FCC Scrubs Its Website of One Key Word as It Caves to Trump
This is a chilling preview of how Trump will use the Federal Communications Commission.

The Federal Communications Commission website no longer reflects that the FCC is an “independent” agency after FCC Chair Brendan Carr testified to Congress on Wednesday that he didn’t consider it to be one.
Axios’s Sara Fischer caught the change, and posted about it on X: “This is INSANE. I took this screenshot of the @FCC website at 11:52 a.m. ET where it explicitly states the FCC is an independent agency. 25 minutes later, it has been removed following Carr’s comments during this hearing! See before and after screenshots below.”


As of Wednesday afternoon, there is no mention of the FCC being an “independent agency” on its website, only a “U.S. agency.” (The last publicly available confirmation of the word “independent” appearing on the site was October 1.)
During the hearing, Carr was pressed on whether he considered the FCC to be an independent agency: Though he had previously said himself that the agency was “long ago determined” by Congress to be independent, he claimed on Wednesday that his position had changed, and he now believes it to no longer be independent, since its members are subject to for-cause removal by the president.
One senator even read from the FCC’s website.
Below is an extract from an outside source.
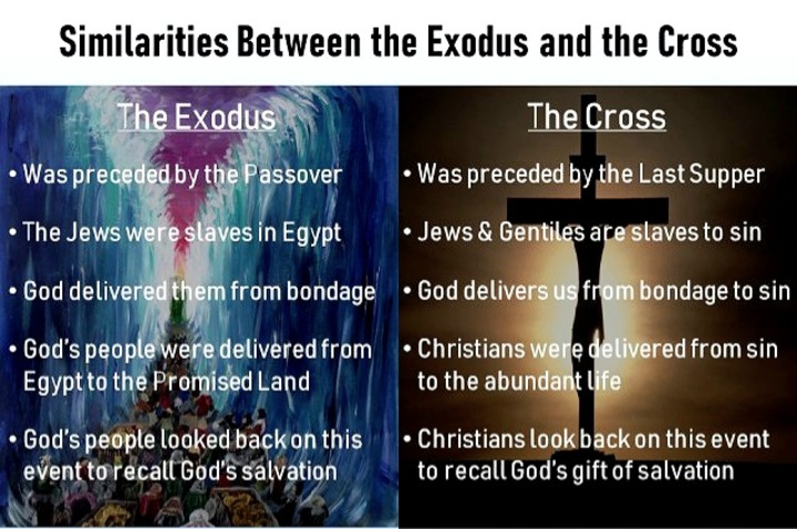 The Exodus narrative serves as a prophetic shadow of Jesus the Messiah, with Jesus acting as a “new Moses” who delivers humanity from spiritual slavery rather than from physical bondage. Other parallels between the Exodus of Israel and Jesus Christ are: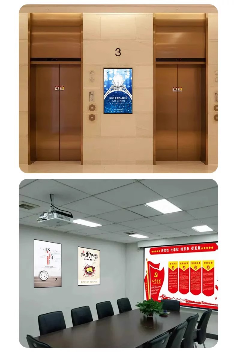 ライトボックス強化ガラスパネル超薄型LED発光高精細透明壁掛けエレベーターメニューイラスト広告

New Mexico’s Ben Ray Luján said, “Just so you know, Brendan, on your website it just simply says, man, the FCC is independent.... This isn’t a trick question.”
Unluckily for Luján—and for the American people—it doesn’t say that anymore. Whether the change was the Trump administration’s attempt to protect Carr from appearing to lie during congressional testimony, or just a mask-off moment about the sad state of the FCC, it’s clear that the agency can no longer be trusted to act independently of the president.